Adaptif adalah bagaimana seseorang bisa belajar untuk menghadapi situasi dan masalah. Sedangkan mengenali diri sendiri, adalah bagaimana kita tahu apa yang bisa membantu kita untuk berpikir jernih sehingga masalah dapat diatasi.

"Sebenarnya cara saya menyelesaikan masalah ini seperti apa sih? Apa saya harus olahraga atau relaksasi biar bisa berpikir jernih? Atau mungkin bercerita dengan orang lain? Nah itu yang harus kita kenali dari diri kita masing-masing," kata Gina.

Kesempatan
Tak dapat dipungkiri bahwa stigma negatif di masyarakat terhadap pecandu atau mantan pecandu narkoba masih ada. Menurut dr Gina, stigma ini terus ada karena pola pikir masyarakat yang menganggap bahwa sekali menjadi pecandu, ia akan selalu menjadi seperti itu.

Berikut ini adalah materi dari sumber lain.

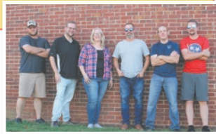
Strangers with Friends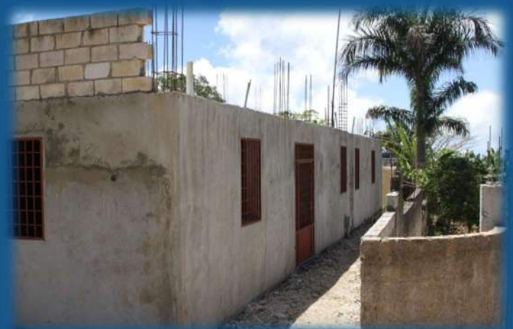
The Outpatient Clinic is still under construction, with Electrical & plumbing underway.

We pray the circumstances will encourage us to bring a near entire team, 15-20 volunteers ( Vs. 25-30, usually ) for our summer 2022 mission.

"Adiksi adalah sebuah penyakit otak yang sifatnya kronik sehingga ada resiko untuk mengalami kekambuhan di masa mendatang, walau sudah mendapatkan perlakuan untuk adiksinya. Dan inilah yang membuat masyarakat memiliki stigma itu," jelas dia.

Melalui stigma ini, masyarakat membuat label buruk bagi para mantan pecandu, yang kemudian menghilangkan kesempatannya untuk berpartisipasi di kehidupan masyarakat.

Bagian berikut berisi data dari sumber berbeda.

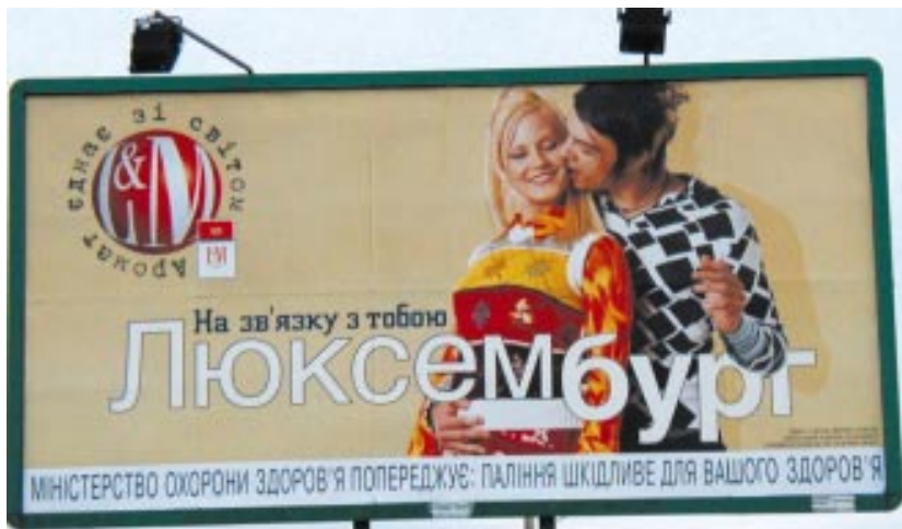
Ukrainian advertisement for the Philip Morris brand L&M, seemingly encouraging smoking during pregnancy.

All these culminated in the Keep Saen Saeb Canal Clean Project, created

Padahal, lanjut Gina, semakin dia dibatasi kesempatannya untuk berkontribusi di masyarakat, dia akan semakin terisolir, semakin tidak ada aktivitas yang tidak bisa dia lakukan, dan pilihan-pilihannya pun juga semakin sedikit.

"Sehingga bagaimana kita mau melatih dia untuk menyelesaikan dan menghadapi masalah kalau dia sendiri tidak kita beri kesempatan?" ujarnya.

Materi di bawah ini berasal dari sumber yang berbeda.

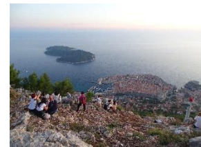
Caption 15 - Mount Srđ's view

This time it is more a view to admire, the breathtaking view from Mount Srđ, the highest point of the city. It is possible to go there hiking, by car or by using a short cable car. From there you can have a drink or just admire the view of Dubrovnik.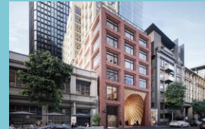
51 FLINDERS LANE, MELBOURNE Landlord: GPT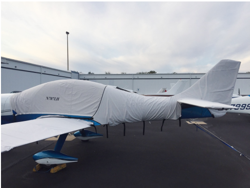
Lancair ES Wing Covers & Empennage Cover (sold separately)

This cover type is made from Silver Acrylic Sunbrella canvas and is 100% lined with a soft and smooth microfiber. Bruce's Custom Covers developed this material combination especially for aircraft protection. The outer material is medium weight and treated for water resistance, UV resistance and anti-static buildup. The inner lining is a very soft and smooth microfiber to prevent scratching. The material is very reflective, and tests show that the cabin interior temperature can be reduced to near-ambient temperature on the hottest of days. It is water, ice and snow repellent, yet breathable to allow moisture to escape from between the cover and the aircraft surface.

Selain dari masyarakat, dr. Wahyu Wulandari mengatakan bahwa keluarga memiliki peran yang sangat penting bagi proses pemulihan pengguna narkoba.

Wahyu lalu menceritakan bagaimana kepercayaan dari keluarga lah hal yang paling utama bagi mantan pecandu untuk tidak merasa tertekan maupun terkucilkan, serta terus semangat untuk melanjutkan hidup.

"Dia (mantan pecandu narkoba) sudah menjalankan rehabilitasi dengan baik, ini juga diimbangi dari keluarganya, harus bisa percaya. Jangan sampai ia berpikir buat apa udah menjalankan rehab dengan baik kok malah tidak dipercaya," ujarnya.

Dengan dirangkul dan diberikannya rasa percaya kepada para mantan pengguna ini, ia berharap mereka dapat menjadi produktif, bersosialisasi dengan masyarakat sekitarnya, dan mampu memulai hidup baru yang lebih baik.

Dan tentu saja, agaknya semua bersepakat bahwa dengan memberikan kesempatan, para mantan pecandu ini bisa berada di utopia nyata yang selama ini impikan dan dambakan.